Items from a data source:
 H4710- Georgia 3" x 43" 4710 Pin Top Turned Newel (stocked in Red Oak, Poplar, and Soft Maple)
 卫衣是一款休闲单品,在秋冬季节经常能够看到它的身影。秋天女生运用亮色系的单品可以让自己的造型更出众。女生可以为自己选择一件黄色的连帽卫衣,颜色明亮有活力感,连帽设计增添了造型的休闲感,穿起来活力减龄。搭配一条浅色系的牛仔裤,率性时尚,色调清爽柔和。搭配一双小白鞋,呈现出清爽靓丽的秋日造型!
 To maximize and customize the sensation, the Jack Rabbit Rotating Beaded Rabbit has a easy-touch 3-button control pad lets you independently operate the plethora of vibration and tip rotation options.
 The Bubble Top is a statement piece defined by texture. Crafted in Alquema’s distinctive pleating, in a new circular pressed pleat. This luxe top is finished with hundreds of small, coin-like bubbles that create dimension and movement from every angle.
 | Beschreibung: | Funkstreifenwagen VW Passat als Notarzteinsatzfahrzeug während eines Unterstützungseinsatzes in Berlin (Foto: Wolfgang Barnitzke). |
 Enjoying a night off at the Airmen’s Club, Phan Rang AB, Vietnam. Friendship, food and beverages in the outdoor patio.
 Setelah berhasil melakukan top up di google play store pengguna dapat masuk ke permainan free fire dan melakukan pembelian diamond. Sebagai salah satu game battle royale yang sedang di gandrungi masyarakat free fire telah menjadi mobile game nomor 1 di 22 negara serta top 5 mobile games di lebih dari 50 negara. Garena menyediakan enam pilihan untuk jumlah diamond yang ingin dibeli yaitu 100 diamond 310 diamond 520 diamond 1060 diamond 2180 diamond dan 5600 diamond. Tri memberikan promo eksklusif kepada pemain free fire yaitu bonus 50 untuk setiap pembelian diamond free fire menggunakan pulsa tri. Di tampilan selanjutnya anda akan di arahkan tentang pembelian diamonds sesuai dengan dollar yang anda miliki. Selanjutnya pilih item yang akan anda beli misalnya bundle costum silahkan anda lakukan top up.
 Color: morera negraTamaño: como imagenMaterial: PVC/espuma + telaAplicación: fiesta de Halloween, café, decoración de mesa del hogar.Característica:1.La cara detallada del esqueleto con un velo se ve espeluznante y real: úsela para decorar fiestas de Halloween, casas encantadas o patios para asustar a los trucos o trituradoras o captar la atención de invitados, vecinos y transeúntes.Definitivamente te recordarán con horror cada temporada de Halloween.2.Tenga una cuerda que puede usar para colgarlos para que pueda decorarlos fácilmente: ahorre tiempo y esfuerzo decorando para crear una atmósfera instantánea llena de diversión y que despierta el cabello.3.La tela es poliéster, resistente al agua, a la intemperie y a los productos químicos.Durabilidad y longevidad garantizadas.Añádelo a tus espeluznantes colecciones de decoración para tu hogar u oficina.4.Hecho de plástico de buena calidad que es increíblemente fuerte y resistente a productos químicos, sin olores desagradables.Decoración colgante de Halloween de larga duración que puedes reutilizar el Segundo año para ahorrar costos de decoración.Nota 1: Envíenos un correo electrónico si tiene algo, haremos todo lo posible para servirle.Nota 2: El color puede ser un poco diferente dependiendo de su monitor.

AIM OF THE TASK: In full and word for word, restate the data.

TASK OUTPUT:
 H4710- Georgia 3" x 43" 4710 Pin Top Turned Newel (stocked in Red Oak, Poplar, and Soft Maple)
 卫衣是一款休闲单品,在秋冬季节经常能够看到它的身影。秋天女生运用亮色系的单品可以让自己的造型更出众。女生可以为自己选择一件黄色的连帽卫衣,颜色明亮有活力感,连帽设计增添了造型的休闲感,穿起来活力减龄。搭配一条浅色系的牛仔裤,率性时尚,色调清爽柔和。搭配一双小白鞋,呈现出清爽靓丽的秋日造型!
 To maximize and customize the sensation, the Jack Rabbit Rotating Beaded Rabbit has a easy-touch 3-button control pad lets you independently operate the plethora of vibration and tip rotation options.
 The Bubble Top is a statement piece defined by texture. Crafted in Alquema’s distinctive pleating, in a new circular pressed pleat. This luxe top is finished with hundreds of small, coin-like bubbles that create dimension and movement from every angle.
 | Beschreibung: | Funkstreifenwagen VW Passat als Notarzteinsatzfahrzeug während eines Unterstützungseinsatzes in Berlin (Foto: Wolfgang Barnitzke). |
 Enjoying a night off at the Airmen’s Club, Phan Rang AB, Vietnam. Friendship, food and beverages in the outdoor patio.
 Setelah berhasil melakukan top up di google play store pengguna dapat masuk ke permainan free fire dan melakukan pembelian diamond. Sebagai salah satu game battle royale yang sedang di gandrungi masyarakat free fire telah menjadi mobile game nomor 1 di 22 negara serta top 5 mobile games di lebih dari 50 negara. Garena menyediakan enam pilihan untuk jumlah diamond yang ingin dibeli yaitu 100 diamond 310 diamond 520 diamond 1060 diamond 2180 diamond dan 5600 diamond. Tri memberikan promo eksklusif kepada pemain free fire yaitu bonus 50 untuk setiap pembelian diamond free fire menggunakan pulsa tri. Di tampilan selanjutnya anda akan di arahkan tentang pembelian diamonds sesuai dengan dollar yang anda miliki. Selanjutnya pilih item yang akan anda beli misalnya bundle costum silahkan anda lakukan top up.
 Color: morera negraTamaño: como imagenMaterial: PVC/espuma + telaAplicación: fiesta de Halloween, café, decoración de mesa del hogar.Característica:1.La cara detallada del esqueleto con un velo se ve espeluznante y real: úsela para decorar fiestas de Halloween, casas encantadas o patios para asustar a los trucos o trituradoras o captar la atención de invitados, vecinos y transeúntes.Definitivamente te recordarán con horror cada temporada de Halloween.2.Tenga una cuerda que puede usar para colgarlos para que pueda decorarlos fácilmente: ahorre tiempo y esfuerzo decorando para crear una atmósfera instantánea llena de diversión y que despierta el cabello.3.La tela es poliéster, resistente al agua, a la intemperie y a los productos químicos.Durabilidad y longevidad garantizadas.Añádelo a tus espeluznantes colecciones de decoración para tu hogar u oficina.4.Hecho de plástico de buena calidad que es increíblemente fuerte y resistente a productos químicos, sin olores desagradables.Decoración colgante de Halloween de larga duración que puedes reutilizar el Segundo año para ahorrar costos de decoración.Nota 1: Envíenos un correo electrónico si tiene algo, haremos todo lo posible para servirle.Nota 2: El color puede ser un poco diferente dependiendo de su monitor.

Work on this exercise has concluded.